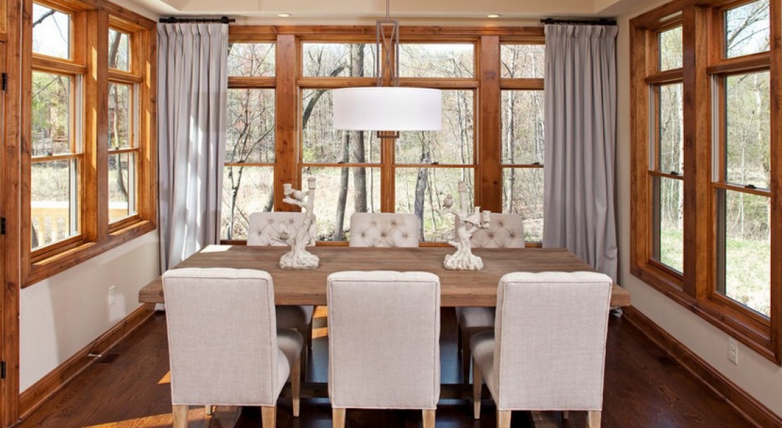 - Невелику кухню або їдальню. Можна доповнити приміщення дерев'яним столом і стільцями, освітлювальними приладами. Стіни і вікна прикрасити виробами з натуральних тканин, картинами, кімнатними рослинами.
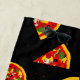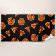 Pizza Lover Fun Food Pattern Beach Towel. Black beach towel patterned with fully loaded tasty pizzas.
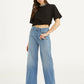 1. Classic wide leg; Sits at high rise 2. Team it with our brand logo t-shirt and denim jacket for a casual look
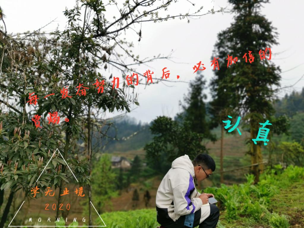 机械本181班周德容,身在四川山区,家中没有网络只能到山下的梯田上找寻信号学习,处在绿色的世界里心旷神怡,虽然学习条件艰苦,但是乐在其中。
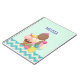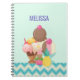 A personalized spiral notebook illustrated with drawing of a 3 scoop ice cream sundae with colorful sprinkles. An ice cream cone with scoops of chocolate, strawberry and vanilla. A bowl of neopolitan ice cream with a cherry on top. Strawberries and a pineapple fruit sit beside the bowls. Summery and sweet. A cream and blue chevron pattern along the bottom edge.
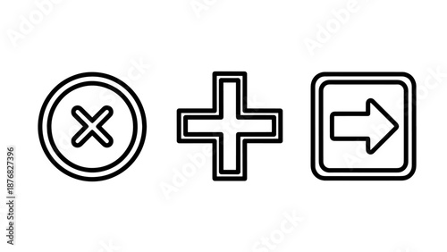 Fototapeta premium Common User Interface Symbols Including Cancel Mark Add Plus and Proceed Arrow Icons
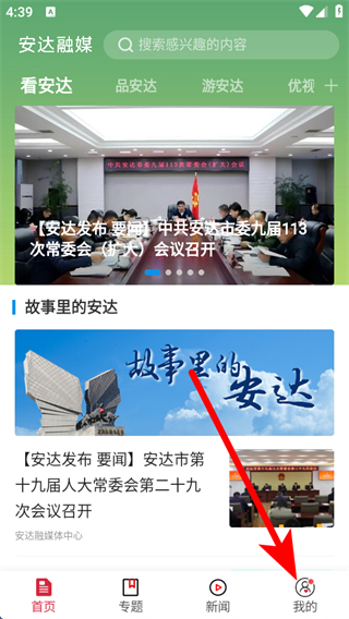 1、打開安達(dá)融媒APP首頁,點擊底部我的,進入個人板塊頁面。
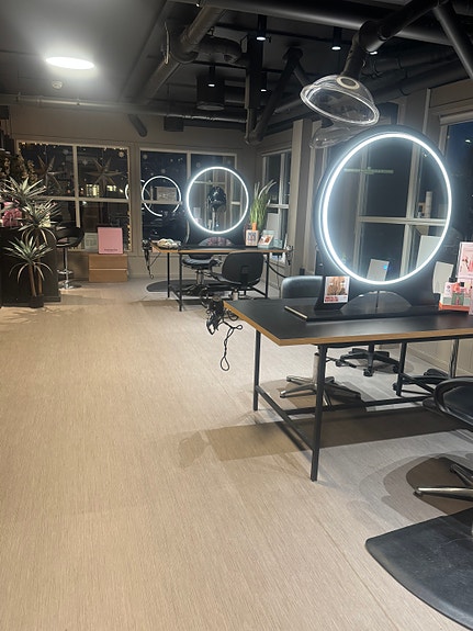 Salongen hadde sin oppstart i 2017 og er oppusset i 2023. Den er stor, luftig med moderne interiør.
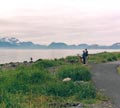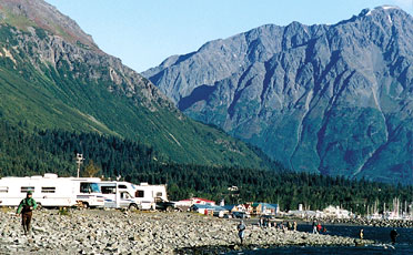 Fishermen walk out of their campers on the beach and throw in their lines at Seward. At night, there are campfires on
-------------------------
__Work instruction__: Using the listing above, set down exactly each line from the one containing "Fototapeta premium Common" through the final line, and leave out pictures.

__Answer to this task__:
 Fototapeta premium Common User Interface Symbols Including Cancel Mark Add Plus and Proceed Arrow Icons
 1、打開安達(dá)融媒APP首頁,點擊底部我的,進入個人板塊頁面。
 Salongen hadde sin oppstart i 2017 og er oppusset i 2023. Den er stor, luftig med moderne interiør.
 Fishermen walk out of their campers on the beach and throw in their lines at Seward. At night, there are campfires on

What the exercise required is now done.